- _Records shown_
_ _ _ _ _

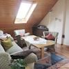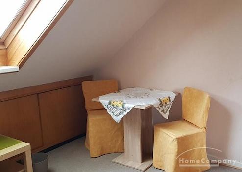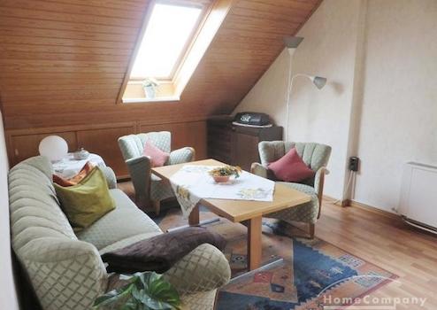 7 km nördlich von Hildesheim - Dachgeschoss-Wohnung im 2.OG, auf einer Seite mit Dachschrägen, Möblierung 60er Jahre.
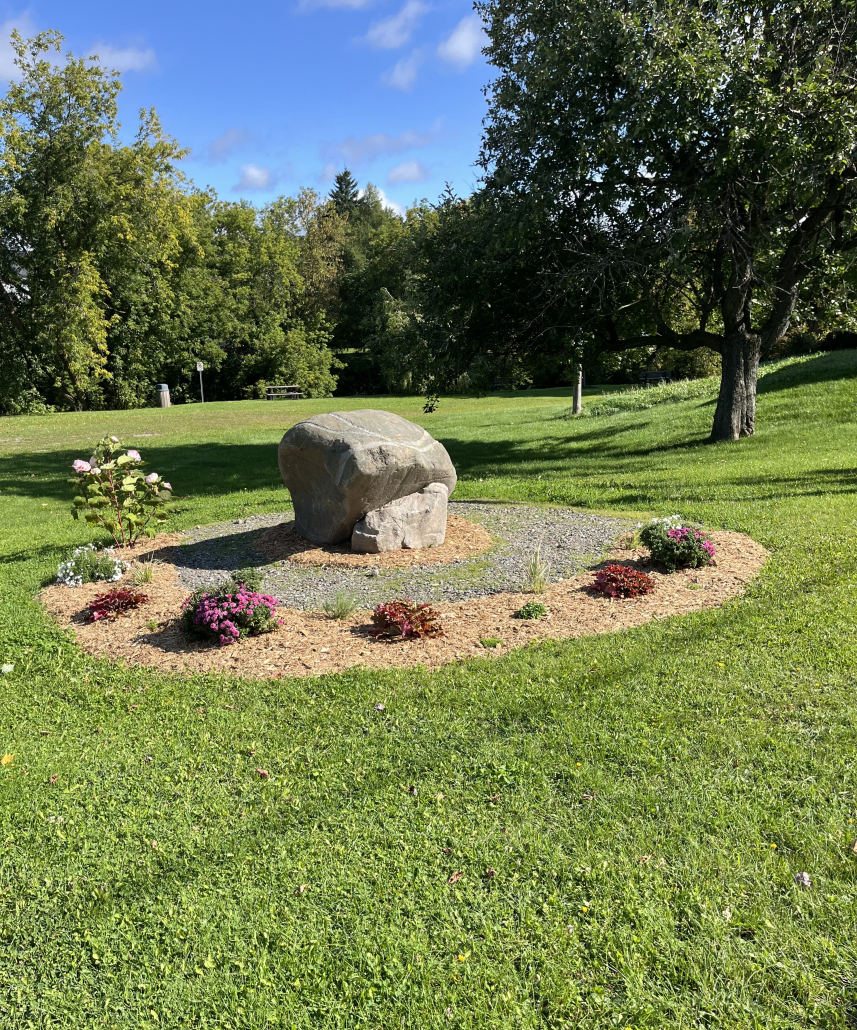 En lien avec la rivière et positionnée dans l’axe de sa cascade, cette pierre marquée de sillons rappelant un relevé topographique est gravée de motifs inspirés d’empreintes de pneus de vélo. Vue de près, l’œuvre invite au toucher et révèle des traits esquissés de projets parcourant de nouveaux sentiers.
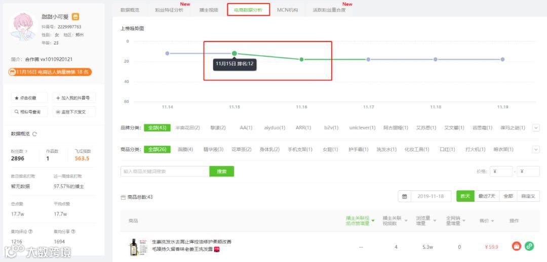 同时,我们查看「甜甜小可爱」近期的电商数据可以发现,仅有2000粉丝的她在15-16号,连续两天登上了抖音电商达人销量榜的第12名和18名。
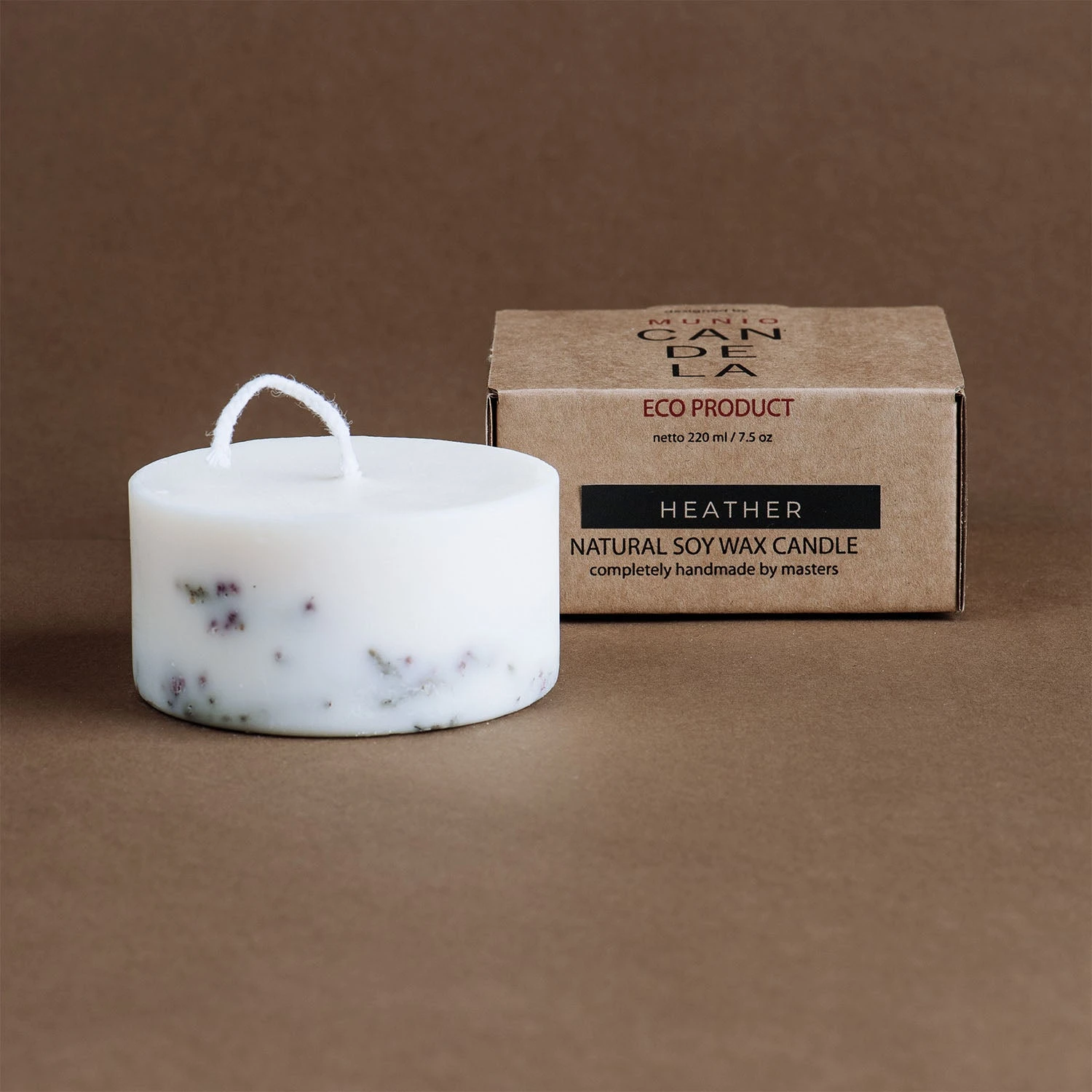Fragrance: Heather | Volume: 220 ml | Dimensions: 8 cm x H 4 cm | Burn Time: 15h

_ _ _ _ _

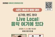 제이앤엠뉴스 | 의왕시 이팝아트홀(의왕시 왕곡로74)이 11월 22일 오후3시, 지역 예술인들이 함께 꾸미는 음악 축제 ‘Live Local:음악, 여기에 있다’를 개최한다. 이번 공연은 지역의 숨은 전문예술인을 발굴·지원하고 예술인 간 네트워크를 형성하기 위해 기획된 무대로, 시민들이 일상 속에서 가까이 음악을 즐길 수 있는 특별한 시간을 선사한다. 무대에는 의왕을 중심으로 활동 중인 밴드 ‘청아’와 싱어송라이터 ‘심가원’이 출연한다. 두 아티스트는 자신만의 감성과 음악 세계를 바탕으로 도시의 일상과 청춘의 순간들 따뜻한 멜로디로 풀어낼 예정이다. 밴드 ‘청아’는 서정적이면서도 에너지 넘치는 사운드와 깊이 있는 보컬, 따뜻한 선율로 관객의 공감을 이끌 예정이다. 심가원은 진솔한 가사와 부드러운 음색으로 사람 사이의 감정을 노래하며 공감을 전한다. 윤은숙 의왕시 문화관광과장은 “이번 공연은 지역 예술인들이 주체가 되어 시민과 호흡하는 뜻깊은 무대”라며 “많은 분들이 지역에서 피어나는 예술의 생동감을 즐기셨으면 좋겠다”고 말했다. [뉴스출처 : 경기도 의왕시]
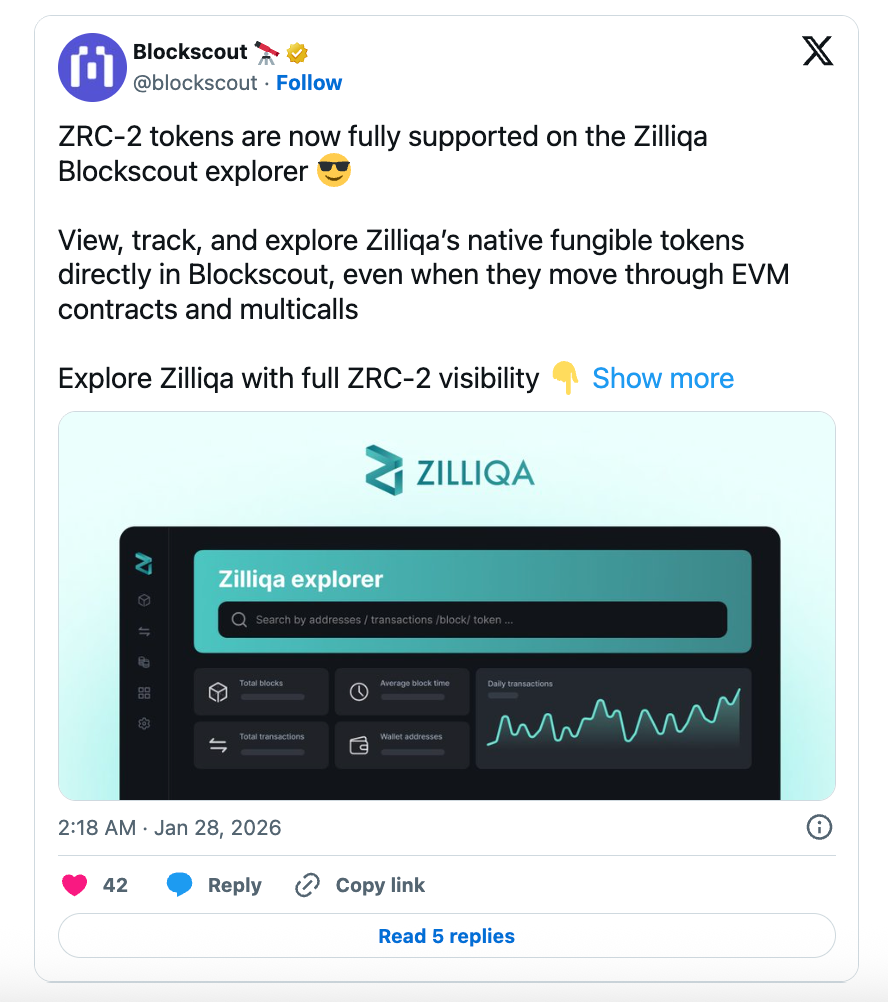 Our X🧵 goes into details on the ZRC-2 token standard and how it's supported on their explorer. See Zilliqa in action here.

_ _ _ _ _

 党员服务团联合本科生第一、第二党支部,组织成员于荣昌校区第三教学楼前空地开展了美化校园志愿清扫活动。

_ _ _ _ _

- _Assignment_
From the listing above, repeat only the lines between the line containing "7 km nördlich" and the line containing "Fragrance: Heather |", those two included. Pictures are not part of the copy.

- _Response area_
 7 km nördlich von Hildesheim - Dachgeschoss-Wohnung im 2.OG, auf einer Seite mit Dachschrägen, Möblierung 60er Jahre.
 En lien avec la rivière et positionnée dans l’axe de sa cascade, cette pierre marquée de sillons rappelant un relevé topographique est gravée de motifs inspirés d’empreintes de pneus de vélo. Vue de près, l’œuvre invite au toucher et révèle des traits esquissés de projets parcourant de nouveaux sentiers.
 同时,我们查看「甜甜小可爱」近期的电商数据可以发现,仅有2000粉丝的她在15-16号,连续两天登上了抖音电商达人销量榜的第12名和18名。
Fragrance: Heather | Volume: 220 ml | Dimensions: 8 cm x H 4 cm | Burn Time: 15h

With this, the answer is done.